First, ambiguity at the 3′-position of the codon would not be expected on grounds of structure or precedent: the table above shows anticodon 5′-C only base-pairs with codon 3′-G.
Second, the anticodon loop of initiator tRNAmet differs from that of elongator tRNAmet in having an internal-facing rather than an external-facing disposition (Woo et al., 1980). Furthermore it lacks a modified base 3′ to the anticodon.
Third, the interactions between initiator and elongator tRNAs with the rRNA at the A- and P-sites, respectively are quite different (Berk et al. 2006), conceivably allowing more flexibility at the 3′-anticodon position.
Despite the fact that the predicted anticodon-U/codon-G wobble never occurs at the A-site, it is reasonable to suppose that structural differences allow it at the P-site, explaining the second bacterial initiation codon, GUG. As regards UUG, U=U base-pairs were considered by Crick but regarded as “rather close together”. Presumably in certain contexts this is not too energetically unfavourable to be prevented.
The poster asked:
Am I interpreting this correctly and there's no "Crick" wobble in the AUG > GUG > UUG start codon, but rather another wobble-like mechanism that explains the start codons' first nucleotide wobble-like behavior?

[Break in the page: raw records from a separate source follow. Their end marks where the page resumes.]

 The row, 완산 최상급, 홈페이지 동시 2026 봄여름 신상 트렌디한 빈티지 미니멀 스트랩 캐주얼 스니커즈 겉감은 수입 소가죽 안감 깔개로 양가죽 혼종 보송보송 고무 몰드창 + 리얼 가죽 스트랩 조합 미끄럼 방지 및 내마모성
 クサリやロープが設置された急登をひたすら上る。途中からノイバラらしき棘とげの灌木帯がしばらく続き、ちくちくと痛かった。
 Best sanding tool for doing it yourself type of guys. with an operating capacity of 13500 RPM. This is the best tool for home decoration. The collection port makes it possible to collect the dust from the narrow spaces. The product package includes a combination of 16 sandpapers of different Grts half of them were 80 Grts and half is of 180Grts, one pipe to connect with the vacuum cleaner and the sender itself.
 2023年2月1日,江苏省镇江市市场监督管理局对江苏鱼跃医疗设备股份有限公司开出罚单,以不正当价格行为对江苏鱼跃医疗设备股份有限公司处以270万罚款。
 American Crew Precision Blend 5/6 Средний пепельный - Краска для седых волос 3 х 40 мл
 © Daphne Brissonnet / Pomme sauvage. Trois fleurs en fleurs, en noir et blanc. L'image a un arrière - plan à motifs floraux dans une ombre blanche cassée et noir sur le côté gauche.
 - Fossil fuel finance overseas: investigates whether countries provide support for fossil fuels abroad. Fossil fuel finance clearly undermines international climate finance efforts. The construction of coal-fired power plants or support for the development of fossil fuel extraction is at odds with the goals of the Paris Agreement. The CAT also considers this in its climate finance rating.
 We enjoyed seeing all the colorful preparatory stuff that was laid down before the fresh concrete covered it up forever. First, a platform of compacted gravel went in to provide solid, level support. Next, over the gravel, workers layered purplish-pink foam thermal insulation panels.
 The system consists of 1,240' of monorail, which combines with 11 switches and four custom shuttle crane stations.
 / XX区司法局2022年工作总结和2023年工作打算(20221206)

To which I would reply that:
There is not and cannot be any wobble at the 3′-position of either initiation or elongation AUG codons of bacteria because it would involve non-standard base-pairing of the anticodon C. To the extent that the ambiguity at the 5′-position of the alternative initiation codons used (GUG>UUG) follows a pattern consistent with the most likely non-standard base-pairing predicted by Crick, it would seem to involve base-pairing achieved by movement (wobble) of the 3′-anticodon residue U of initiator fMet-tRNA.